Остался только один номер, прежде чем откроется билетная касса и сотни заинтригованных горожан заполнят в этот вечер, как, впрочем, и во все предыдущие вечера, шатер варьете в пригороде Ниццы. В портале шатра, где только что исчез кентавр, стояло еще одно странное существо — ростом чуть больше метра и с огромной бесформенной головой, изуродованной напоминающими серый камень наростами. Торс его был обнажен, и публике были видна его поросшая шерстью спина, руки, напоминающие маленькие корни какого-то растения, кости и позвонки, торчащие тут и там, словно они томились в плену в этом уродливом теле и жаждали поскорее выбраться на свободу.
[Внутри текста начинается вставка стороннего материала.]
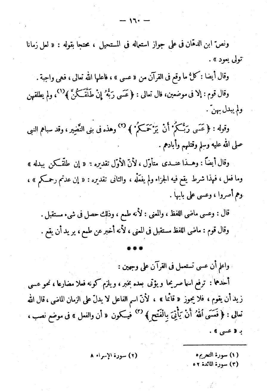 وَاعْلَمْ أَنَّ عَسَى تُسْتَعْمَلُ فِي الْقُرْآنِ عَلَى وَجْهَيْنِ:

Одежду его составляли чулки до колен и шотландская юбка, а лицо было закрыто яркой венецианской кошачьей маской.

— Позвольте представить наш последний аттракцион! — выкрикнул Вильсон, не скрывая гордости сенсационным номером, привлекавшим рекордное количество публики на лигурийском берегу. — Сэр Эркюль из широко известного клана Бэйрфутов, монстр шотландского высокогорья, известный ясновидец! Он может так же легко, как священник, цитировать Библию, читать ваши самые затаенные мысли!


Не зная, что люди кардинала идут по его следу, шотландский ясновидец Бэйрфут стал главным аттракционом цирка за последний год. Он угадывал цвет нижнего белья у дам, без труда доставал нужную карту из колоды таро, показывал мнемонические фокусы, не имеющие иного объяснения, кроме как наличие сомнительных связей иллюзиониста с потусторонними силами, раскрывал самые интимные тайны публики и описывал в подробностях их жилища, хотя никогда там не бывал.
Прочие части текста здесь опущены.